How to complete this task
Copy out exactly the lines from the one with "英语1105班何磊静同学和英" through the last line of the listing below, both included, but none of the pictures.

Dataset section
━━━━━━━━━━
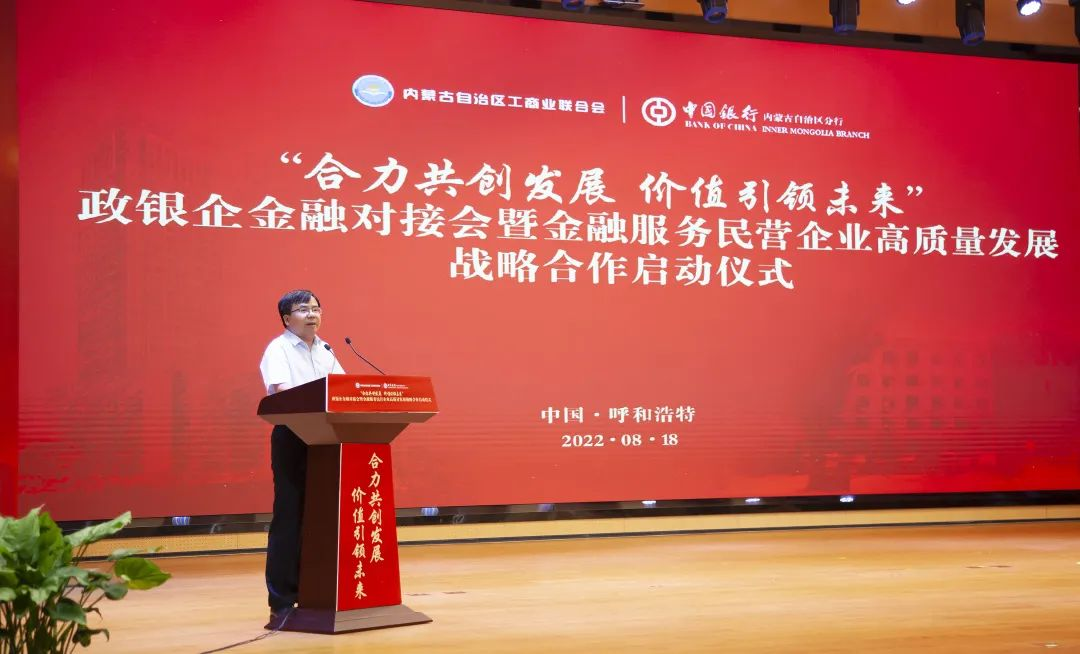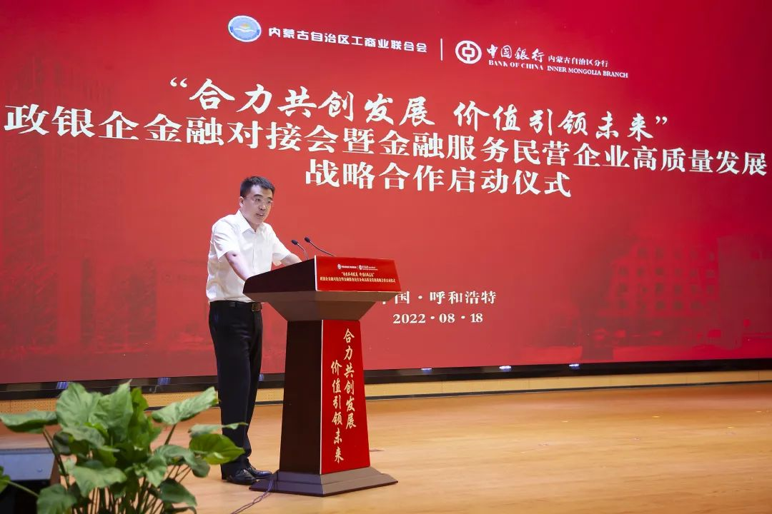 胡文勇行長(cháng)在開(kāi)場(chǎng)致辭中表示,一直以來(lái),自治區工商聯(lián)充分發(fā)揮統戰性、經(jīng)濟性、民間性綜合優(yōu)勢,團結和帶領(lǐng)廣大非公有制經(jīng)濟人士,與時(shí)俱進(jìn),大膽創(chuàng )新,努力實(shí)踐,推動(dòng)優(yōu)化營(yíng)商環(huán)境,促進(jìn)我區非公有制經(jīng)濟又好又快發(fā)展,為全面建設小康社會(huì )、構建和諧社會(huì )作出重要貢獻。作為唯一一家持續經(jīng)營(yíng)超過(guò)百年的國有大行,中國銀行秉承“融通世界、造福社會(huì )”的崇高使命,將自身發(fā)展與地方經(jīng)濟發(fā)展緊密相連,主動(dòng)擔當服務(wù)支持民營(yíng)企業(yè)發(fā)展壯大的金融重任。未來(lái),中國銀行內蒙古區分行將繼續深耕細作民營(yíng)經(jīng)濟領(lǐng)域的融資服務(wù),在普惠金融、科技金融、綠色金融等領(lǐng)域加強金融支持,緩解小微企業(yè)“融資難、融資貴”問(wèn)題,助企紓困,風(fēng)雨同舟,為深化政銀企合作共贏(yíng)發(fā)展貢獻新力量!
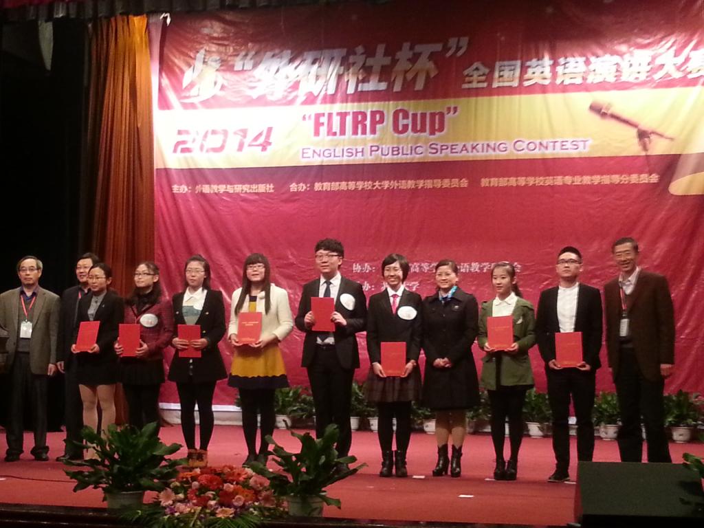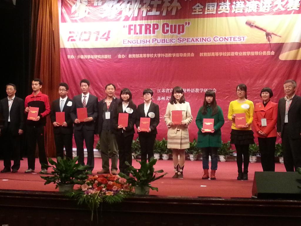 英语1105班何磊静同学和英语1201班孙培培同学荣获二等奖,英语1305班的窦君怡同学荣获三等奖。
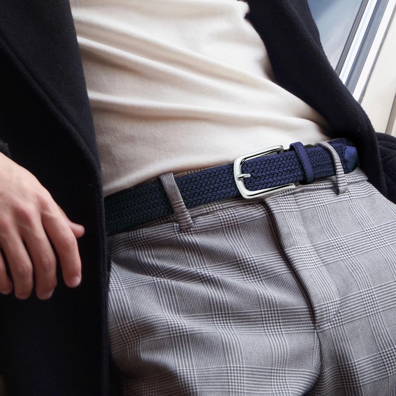 - Durable material: the fabric belt is made of an elastic polyester blend and a nickel-free zinc alloy buckle. The belt end is reinforced with a leather cap, which makes the belt durable.
━━━━━━━━━━
Response below
 英语1105班何磊静同学和英语1201班孙培培同学荣获二等奖,英语1305班的窦君怡同学荣获三等奖。
 - Durable material: the fabric belt is made of an elastic polyester blend and a nickel-free zinc alloy buckle. The belt end is reinforced with a leather cap, which makes the belt durable.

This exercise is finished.